The equilibrium constant for the reaction `H_(2)O(g)+CO(g)hArrH_(2)(g)+CO_(2)(g)` is 0.44 at 1660 K. The equilibrium constant for the reaction
`2H_(2)(g)+2CO_(2)(g)hArr 2CO(g)+2H_(2)O(g)`
at 1660 K is equal to

To solve the problem, we need to find the equilibrium constant for the reaction: \[ 2H_2(g) + 2CO_2(g) \rightleftharpoons 2CO(g) + 2H_2O(g) \] given that the equilibrium constant for the reaction: \[ H_2O(g) + CO(g) \rightleftharpoons H_2(g) + CO_2(g) \] is \( K_1 = 0.44 \) at 1660 K. ### Step-by-step Solution: 1. **Reverse the Original Reaction**: The equilibrium constant for the reverse reaction is the reciprocal of the original equilibrium constant.
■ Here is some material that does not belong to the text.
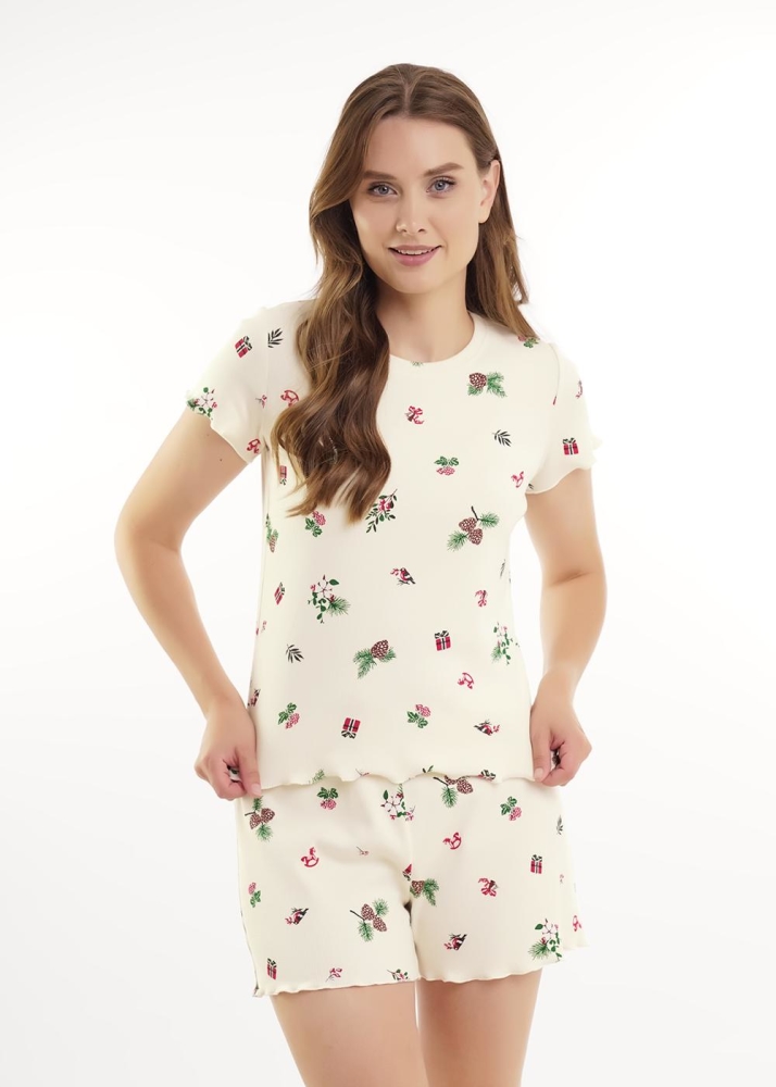 Описание: Пижама из трикотажного полотна кашкорсе с эластаном. Футболка прямого кроя, короткий втачной рукав, округлая горловина с обтачкой. Шорты свободные, короткие. По поясу с внутренней резинкой, нашивка бант. По низу футболки, рукавов и шорт мелкий оверлок. Состав: 95%Хлопок5%Эластан Страна: РОССИЯ

Therefore, for the reaction: \[ H_2(g) + CO_2(g) \rightleftharpoons H_2O(g) + CO(g) \] The equilibrium constant \( K_2 \) is given by: \[ K_2 = \frac{1}{K_1} = \frac{1}{0.44} \] 2. **Calculate \( K_2 \)**: Now, we can calculate \( K_2 \): \[ K_2 = \frac{1}{0.44} \approx 2.27 \] 3. **Multiply the Reaction by 2**: We need to find the equilibrium constant for the reaction: \[ 2H_2(g) + 2CO_2(g) \rightleftharpoons 2CO(g) + 2H_2O(g) \] When a balanced equation is multiplied by a factor, the equilibrium constant is raised to the power of that factor. Therefore, we have: \[ K_3 = K_2^2 \] 4. **Calculate \( K_3 \)**: Now, substituting \( K_2 \) into the equation: \[ K_3 = (2.27)^2 \] Calculating this gives: \[ K_3 \approx 5.15 \] 5. **Final Answer**: Thus, the equilibrium constant for the reaction \( 2H_2(g) + 2CO_2(g) \rightleftharpoons 2CO(g) + 2H_2O(g) \) at 1660 K is approximately: \[ K_3 \approx 5.15 \] ### Summary: The equilibrium constant for the reaction \( 2H_2(g) + 2CO_2(g) \rightleftharpoons 2CO(g) + 2H_2O(g) \) at 1660 K is approximately 5.15.